# First time buyer....



## Guest (Nov 6, 2008)

Hey all, I've been trolling around here for the past couple weeks trying to learn as much as possible, but I think it my be time to take the plunge.

Background: I live in Southern Maine/New Hampshire. I've skied most of my life, lots of park time and I've logged time in the powder of Aspen. I've taken 2 lessons in the past year and I like snowboarding but I need more time on Mtn.

My wife and I are headed back to aspen this christmas. I'm going to ski while I'm out there but I figured that while I was buying new gear I would look to buy a board, boots and bindings. Then get some more lessons or spend some time on the bunny slope :dunno:

I'm 6' tall, 230lbs. and I wear an 11 boot. I like the park, and my wife and I spend a lot of time in the back country or deeper stuff.

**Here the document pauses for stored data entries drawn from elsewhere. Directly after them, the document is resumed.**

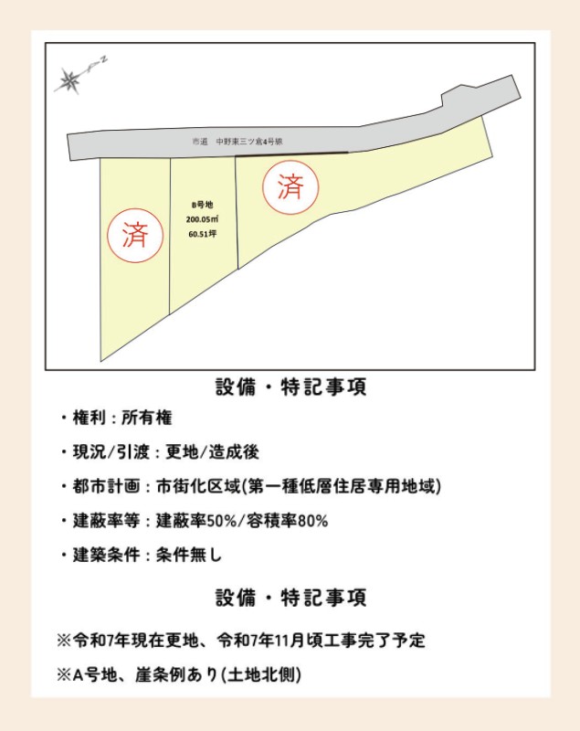 | 設備・条件 | 建築条件なし 更地 所有権 閑静な住宅街 売主 |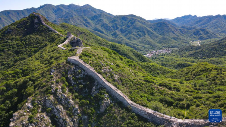 石峡关长城和长城脚下的石峡村(6月1日摄,无人机照片)。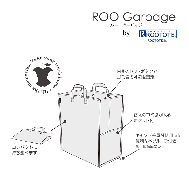 表面になでしことリン、裏面に千明、あおい、恵那とちくわのアウトドアセレクトショップをイメージした描き下ろしイラストを使用した、30リットル用のルーガービッジ。「ゴミは思い出と共に持ち帰ろう」という想いから生まれたルーガビッジ。アウトドア用品の収納や運搬はもちろん、30リットルのポリ袋をセットするとダストボックスに。屋内外で使えるトートバッグ型ダストボックス。素材には軽くて丈夫なポリプロピレンを使用。コンパクトに折りたたるのでアウトドアでも大活躍します。自立するので便利。 【商品仕様】 JANコード:4562206515550 (C)あfろ・芳文社/野外活動委員会 |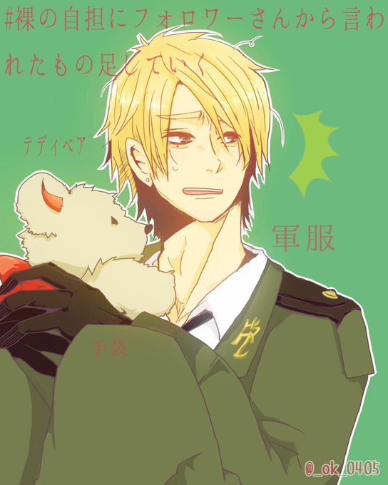 ♡裸の自担にフォロワーさんから言われたもの足していく テディベア 軍服 手袋 でした!ありがとうございました!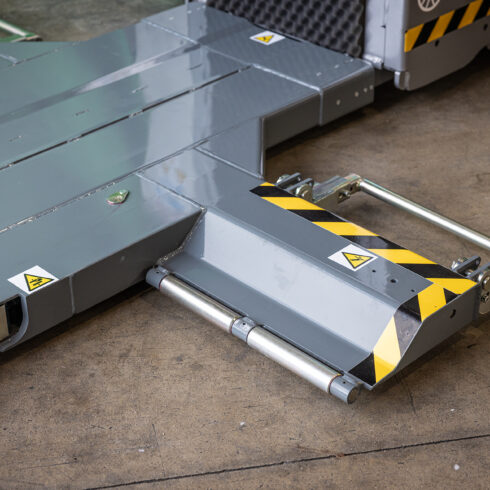 The working principle of the CarMover 2 W requires the trolley to slide under the vehicle to lock the two front wheels with the hydraulic locking mechanism.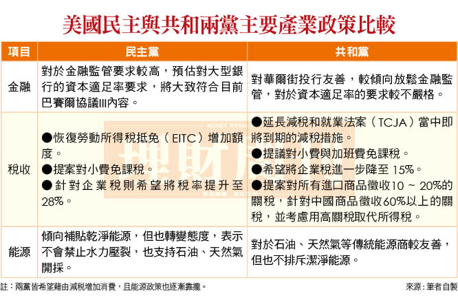 川普的政策對企業主較友善,減稅刺激企業發展,並以關稅作為談判條件,對盟友和貿易夥伴較具競爭性。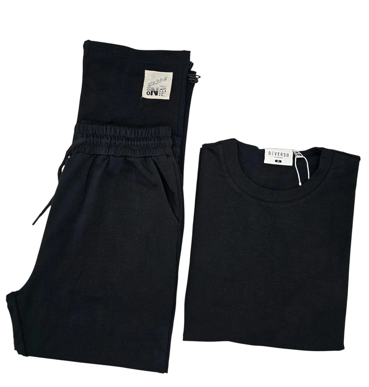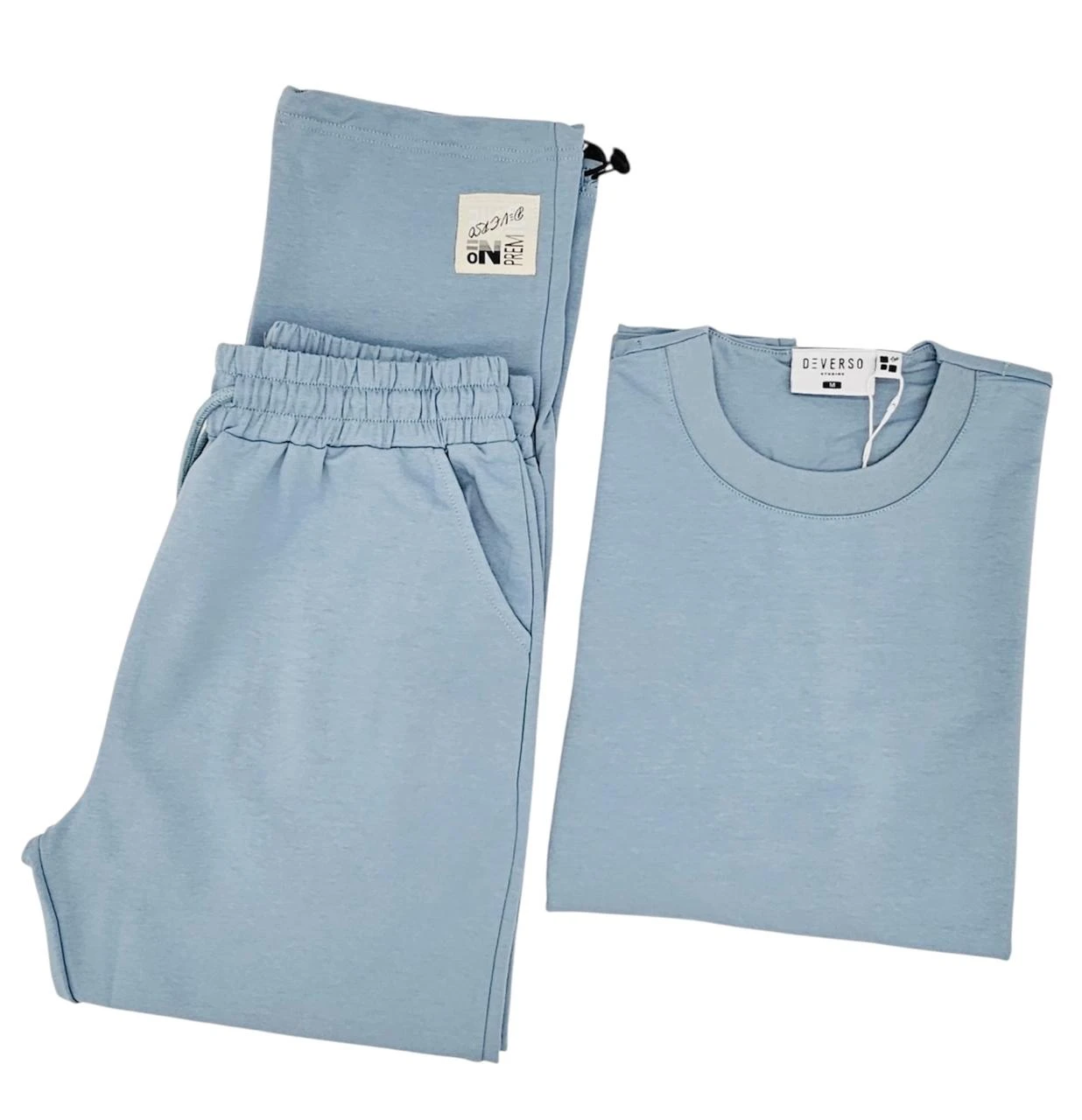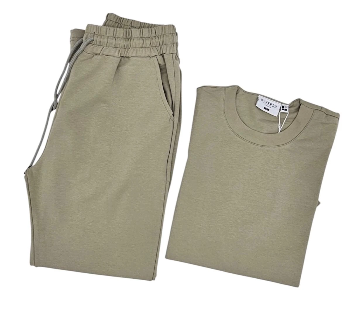 الطقم يتكون من بنطلون وتيشرت بلون موحد

I'm in love with the Forum Grudge 09'. But I have no clue about what size I need or what width, and which bindings to go with. Any reccomendations would be great or if this board may be wrong for me, let me know.
Thanks
-Chris


----------



## Guest (Nov 7, 2008)

hey Chris,

How did your lessons go? did you pick snowboarding up fairly easy? Im not too familiar with the rome products as I am other companies. How much are you looking to spend for the entire package? I may have some boards you might be interested in right in your size range. I would put you in probably like a 162-165 depending on the board choice. send me a message and maybe we could work something out.

-Dan
[email protected]


----------



## Guest (Nov 7, 2008)

the lessons went OK. I picked it up quickly but spent a lot of time on my back 

As with anything I need more experience and I am sure it will get easier, OR I will just hire a private insturctor to help me get along better.

As for price range, compared to skiing, this sport can be a hell of a lot cheaper. I don't mind spending some money to get quality equipment that will last me 2-4 years. Thr Forum boards seem to have the all mtn, park style I'm looking for. I also need something that can withstand ice as well as deep powder. I plan on spending some quality time in CO next season. Thats why I want to get good at it here in the Northeast before I head back out.

I'll shoot you a message and see what you've got.
Thanks
-Chris


----------